Два года пролетели довольно быстро, идею полотна, которое требовалось написать, Иванов решил избрать из бибейских сюжетов. Идею писать картину на сюжет из русской истории он отверг почти сразу — природа и люди здесь была совсем другими, в Италии это было бы практически невозможно написать с натуры, а «подделываться под вкус» Общества, как, например, с успехом поступали многие из «колонии русских», Иванову претило. Сюжет, который он избрал для картины, был «Явление Христа Марии Магдалине после Воскресения».
К работе он продошел весьма серьезно, хотя и писал сестре с некоторой не то бравадой, не то почти цинично (если бы Иванову был своствен цинизм), что при создании картины собирался показать всего лишь «свое представление о драпировках». Композиция весьма лаконична: две крупные фигуры — Мария Магдалина, упавшая на колени при виде чуда, и Христос в белых ниспадающих одеждах, отстраняющийся от нее, сияющий среди темного предутреннего сада.
Христа Иванов писал со знаменитой фигуры авторства прославленного скульптора Торвальдсена, тоже жившего в Риме, а Магдалина стоила ему, выпускнику Академии, многих мучений. И не только ему. Иванову было необходимо передать одновременно и надежду, и отчаянное горе, и ликование.
Он рассказывал сестре в письмах, как долго добивался от натурщицы нужной, практически невозможной в жизни эмоции: «Она так была добра, что, припоминая все свои беды и раздробляя на части перед лицом своим лук самый крепкий, плакала; и в ту же минуту я её тешил и смешил так, что полные слёз глаза её с улыбкой на устах давали мне совершенное понятие о Магдалине, увидевшей Иисуса. Я, однако же, работал в то время не хладнокровно, сердце мое билось сильно при виде прекрасной головы, улыбающейся сквозь слёзы. Я думаю, и моя физиономия была необыкновенная».
Перед отправкой в Петербург полотно было выставлено для общего обозрения в Риме — и хотя оно не стало оглушительной сенсацией, как брюлловский «Последний день Помпеи», но принято было очень хорошо, и авторитет русской школы среди римских художников весьма повысился.

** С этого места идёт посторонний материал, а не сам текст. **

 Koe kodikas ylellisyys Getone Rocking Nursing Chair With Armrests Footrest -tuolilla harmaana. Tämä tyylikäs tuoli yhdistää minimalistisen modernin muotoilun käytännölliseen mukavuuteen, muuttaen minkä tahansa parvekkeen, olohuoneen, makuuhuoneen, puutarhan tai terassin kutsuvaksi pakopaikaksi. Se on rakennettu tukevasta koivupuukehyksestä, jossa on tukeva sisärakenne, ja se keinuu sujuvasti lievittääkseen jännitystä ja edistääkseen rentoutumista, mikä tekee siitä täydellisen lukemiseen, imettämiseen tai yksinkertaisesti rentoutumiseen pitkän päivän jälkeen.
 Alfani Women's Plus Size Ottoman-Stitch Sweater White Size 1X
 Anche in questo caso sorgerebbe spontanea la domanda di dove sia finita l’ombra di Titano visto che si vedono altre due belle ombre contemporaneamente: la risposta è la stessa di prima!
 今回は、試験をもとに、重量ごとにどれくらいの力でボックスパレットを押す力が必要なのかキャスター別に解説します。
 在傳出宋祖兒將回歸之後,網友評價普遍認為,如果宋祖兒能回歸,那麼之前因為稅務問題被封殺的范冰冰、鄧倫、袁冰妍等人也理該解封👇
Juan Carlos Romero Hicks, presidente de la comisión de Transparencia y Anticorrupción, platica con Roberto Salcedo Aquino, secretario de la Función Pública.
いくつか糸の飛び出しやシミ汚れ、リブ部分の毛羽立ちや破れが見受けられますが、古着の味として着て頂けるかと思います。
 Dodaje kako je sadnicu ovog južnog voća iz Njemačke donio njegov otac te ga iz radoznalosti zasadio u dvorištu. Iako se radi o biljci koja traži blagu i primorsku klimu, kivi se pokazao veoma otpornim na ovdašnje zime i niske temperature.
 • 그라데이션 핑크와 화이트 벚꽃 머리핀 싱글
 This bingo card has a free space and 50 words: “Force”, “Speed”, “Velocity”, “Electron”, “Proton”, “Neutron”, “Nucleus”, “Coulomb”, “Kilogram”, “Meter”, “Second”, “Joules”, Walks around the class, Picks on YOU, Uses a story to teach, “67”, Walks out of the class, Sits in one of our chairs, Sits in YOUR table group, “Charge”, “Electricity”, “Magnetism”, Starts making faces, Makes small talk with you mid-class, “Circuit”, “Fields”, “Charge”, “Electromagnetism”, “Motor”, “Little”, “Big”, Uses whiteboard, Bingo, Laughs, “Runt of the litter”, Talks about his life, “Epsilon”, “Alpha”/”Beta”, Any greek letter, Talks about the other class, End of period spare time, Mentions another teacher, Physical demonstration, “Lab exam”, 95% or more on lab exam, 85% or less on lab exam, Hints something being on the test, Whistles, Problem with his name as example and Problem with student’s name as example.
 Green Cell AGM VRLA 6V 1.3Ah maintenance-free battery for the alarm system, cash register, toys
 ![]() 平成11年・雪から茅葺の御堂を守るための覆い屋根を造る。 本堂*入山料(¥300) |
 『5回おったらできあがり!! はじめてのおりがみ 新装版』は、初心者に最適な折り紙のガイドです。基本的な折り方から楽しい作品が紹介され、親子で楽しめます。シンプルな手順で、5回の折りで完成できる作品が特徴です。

На родине «Явление Христа Магдалине» покорило практически всех, особенно после того, как император Николай I, обходя выставку, остановился перед картиной и отметил «божественность фигуры Спасителя», тем самым прекратив любую возможную критику произведения (поскольку ни один верноподданный не может осуждать то, что одобрено лично государем). Это был прямой и уверенный успех, за эту работу Иванову присвоили звание академика и продлили пенсион еще на три года. Отец, Иванов-старший, радовался за сына, как не радовался за себя. Александр и вправду добился того, чего не смог он сам, как бы мы сейчас сказали, сын «закрыл его гештальт». Сам же Иванов во-первых, на время унял червя сомнений, постоянно глодавшего его изнутри, а во-вторых — остался в Италии. Деньги за продажу картины были очень и очень не лишними в полунищем богемном быту русских художников. Большая мастерская, плата натурщикам, краски и холсты — все это было весьма недешевое удовольствие. Но самое главное — ему продлили право пребывания в Италии.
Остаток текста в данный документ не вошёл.